7. El hijo pródigo completamente restaurado
El pródigo malgasta su herencia, deshonra a su familia y luego regresa, solo para ser recibido sin castigo (Lucas 15:11-32). La lógica tradicional clama injusticia: los años perdidos deben tener consecuencias. La lógica de la reubicación ve que la ofensa nunca se aferra. El hijo es restablecido en su filiación plena, su historial queda limpio.
8. La vida eterna ahora
Jesús declara: «El que oye mi palabra... tiene vida eterna y ha pasado de la muerte a la vida» (Juan 5:24). La lógica tradicional enmarca la vida eterna como una etapa después de la muerte. La lógica de la reubicación la enmarca como una realidad presente: la fe misma es el paso, la reubicación. El dominio de la muerte se rompe ahora.
9. Las bienaventuranzas
Por último, las bienaventuranzas (Mateo 5:3-12) invierten todas las expectativas: los pobres, los mansos y los perseguidos son bienaventurados. La lógica del crecimiento se debate aquí: la bendición debe seguir a la virtud y al progreso. La lógica de la reubicación reconoce un reinicio: lo que parece una pérdida ya se ha transformado en abundancia y alegría.
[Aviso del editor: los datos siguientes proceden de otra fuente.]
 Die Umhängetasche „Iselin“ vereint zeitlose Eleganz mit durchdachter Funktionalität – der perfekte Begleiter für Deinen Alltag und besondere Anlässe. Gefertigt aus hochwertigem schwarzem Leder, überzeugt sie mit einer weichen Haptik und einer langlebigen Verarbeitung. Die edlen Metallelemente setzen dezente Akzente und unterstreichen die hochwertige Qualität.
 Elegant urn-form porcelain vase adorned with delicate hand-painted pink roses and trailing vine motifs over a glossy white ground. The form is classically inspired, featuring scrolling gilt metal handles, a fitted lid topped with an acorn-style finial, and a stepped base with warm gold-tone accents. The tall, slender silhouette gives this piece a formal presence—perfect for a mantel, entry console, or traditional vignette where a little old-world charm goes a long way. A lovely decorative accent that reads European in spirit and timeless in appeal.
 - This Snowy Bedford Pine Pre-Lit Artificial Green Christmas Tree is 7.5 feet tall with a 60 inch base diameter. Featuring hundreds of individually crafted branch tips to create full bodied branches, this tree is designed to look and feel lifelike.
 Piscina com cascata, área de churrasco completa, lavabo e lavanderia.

Conclusión: de lo absurdo a lo claro
Tomadas por separado, estas enseñanzas parecen contradicciones. Juntas, forman un patrón. Jesús no está construyendo un plan de estudios de crecimiento espiritual, sino anunciando un Reino en el que se suspenden las reglas del crecimiento, el mérito y la justicia.
En la cosmovisión tradicional, el sufrimiento, el trabajo y el progreso se acumulan como moneda de cambio.
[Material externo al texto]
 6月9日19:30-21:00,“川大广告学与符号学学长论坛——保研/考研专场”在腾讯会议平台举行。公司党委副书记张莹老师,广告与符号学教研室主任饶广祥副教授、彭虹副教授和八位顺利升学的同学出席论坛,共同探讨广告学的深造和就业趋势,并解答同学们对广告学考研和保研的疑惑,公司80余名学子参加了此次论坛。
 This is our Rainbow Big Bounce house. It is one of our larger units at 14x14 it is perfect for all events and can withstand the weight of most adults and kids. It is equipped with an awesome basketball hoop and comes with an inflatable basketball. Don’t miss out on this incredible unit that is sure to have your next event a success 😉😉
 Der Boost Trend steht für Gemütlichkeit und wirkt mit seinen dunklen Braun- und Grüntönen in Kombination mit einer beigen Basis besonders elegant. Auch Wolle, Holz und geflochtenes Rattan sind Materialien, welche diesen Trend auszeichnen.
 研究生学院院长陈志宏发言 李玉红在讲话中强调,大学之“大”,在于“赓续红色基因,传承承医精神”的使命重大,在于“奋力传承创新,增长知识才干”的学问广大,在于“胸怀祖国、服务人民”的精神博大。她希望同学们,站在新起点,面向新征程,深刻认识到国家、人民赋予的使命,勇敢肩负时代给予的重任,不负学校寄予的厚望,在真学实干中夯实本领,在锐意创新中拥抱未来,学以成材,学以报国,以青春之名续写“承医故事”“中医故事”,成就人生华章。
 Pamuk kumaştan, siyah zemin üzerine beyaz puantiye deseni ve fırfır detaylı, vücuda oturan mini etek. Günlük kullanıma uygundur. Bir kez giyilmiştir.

En la cosmovisión de la reubicación, el sufrimiento es provisional, el trabajo es irrelevante y la entrada en el Reino es un puro regalo.
Lo que parece absurdo en la lógica del crecimiento es perfectamente coherente en la lógica de la reubicación. Y es por eso que Jesús pudo decir: «Arrepentíos, porque el reino de los cielos se ha acercado». El Reino no es la culminación del progreso. Es el regalo repentino de la generosidad de Dios, disponible ahora, detrás de cada esquina, para aquellos que estén dispuestos a entrar en él.